Data Cube, Source: EO Analytics research group, University of Salzbug
EO data cubes have become one of the most important big EO data midstream technologies because they simplify data access and facilitate information production. They also:
- reduce the entrance barrier for non-expert users because users do not need to know specific file structures or internal directory names.
- can be easily accessed over the Internet by client software.
- support deployment on a scalable system in the cloud allowing EO data analysis on continental or even global scales.
- embrace time as an important dimension, enabling traversing through time similar to traversing through space in an image file in contrast to storing data in image files, where the temporal dimension is represented only by how files are named and organised.
- are tightly coupled with providing analysis-ready data (ARD) to enable expert and non-expert users to access and use calibrated data directly in analysis without requiring laborious pre-processing.
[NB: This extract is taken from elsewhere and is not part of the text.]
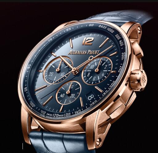 26393OR.OO.A321CR.01 – CODE 11.59 by Audemars Piguet Collection – Audemars Piguet The selfwinding chronograph’s deep blue lacquered dial offers a perfect mirror finish. The 18-carat pink gold case echoes the curved gold indexes and singular numeral at 12 o’clock.
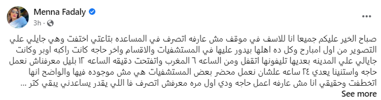 وعبر حسابها الرسمي على "فيسبوك" كتبت منة فضالي: "صباح الخير عليكم جميعا أنا للأسف في موقف مش عارفة اتصرف فيه المساعدة بتاعتي اختفت وهي جايلي على التصوير من أول امبارح وكل ده أهلها بيدور عليها في المستشفيات والأقسام وآخر حاجة كانت راكبة عربية (أوبر)، وكانت جايه على المدينة بعديها تليفونها اتقفل من الساعة 6 المغرب".

Compared to purely file-based approaches, an EO data cube is a new way of organising EO data and has become very popular in the last few years. Prior to these developments, EO data were simply saved and organised as images, similar to how people organise vacation pictures from their digital camera; they were individual files located in some directories on the hard drive. However, every pixel in remote sensing images is associated with a unique position on Earth in time that can be defined by spatio-temporal coordinates. Widely known software like Google Earth abstracts image file handling from user interactions. On such a digital map or globe, navigating to the exact geographic position of interest is sufficient for viewing relevant image data, which is one reason for its popularity.
In this case, software translates the geographic position on the digital globe to the internal file structure, collects the images, and conveniently presents them as continuous maps. This is possible because every pixel is located at its geographic position. Suppose this is considered a simple case as a set of flat, two-dimensional images. In addition, time can be the third dimension. Then, consecutively aligning the images on top of each other creates an EO data cube. It is possible to interact with an EO data cube using spatial and temporal coordinates instead of file names because the data cube acts as a translation layer to the image files. Alternatively, the data in an EO data cube can be rearranged for specific access patterns, allowing fine-tuning to fulfil specific performance criteria. A community-agreed definition of an EO data cube does not exist, although several suggestions have been made. In general, an EO data cube aims to provide easier access to a large volume, variety, and velocity of EO data and abstract the file handling and management from users. An EO data cube is considered a multi-dimensional structure with at least one non-spatial dimension. Although it can have any number of dimensions, it is referred to as a 'cube'.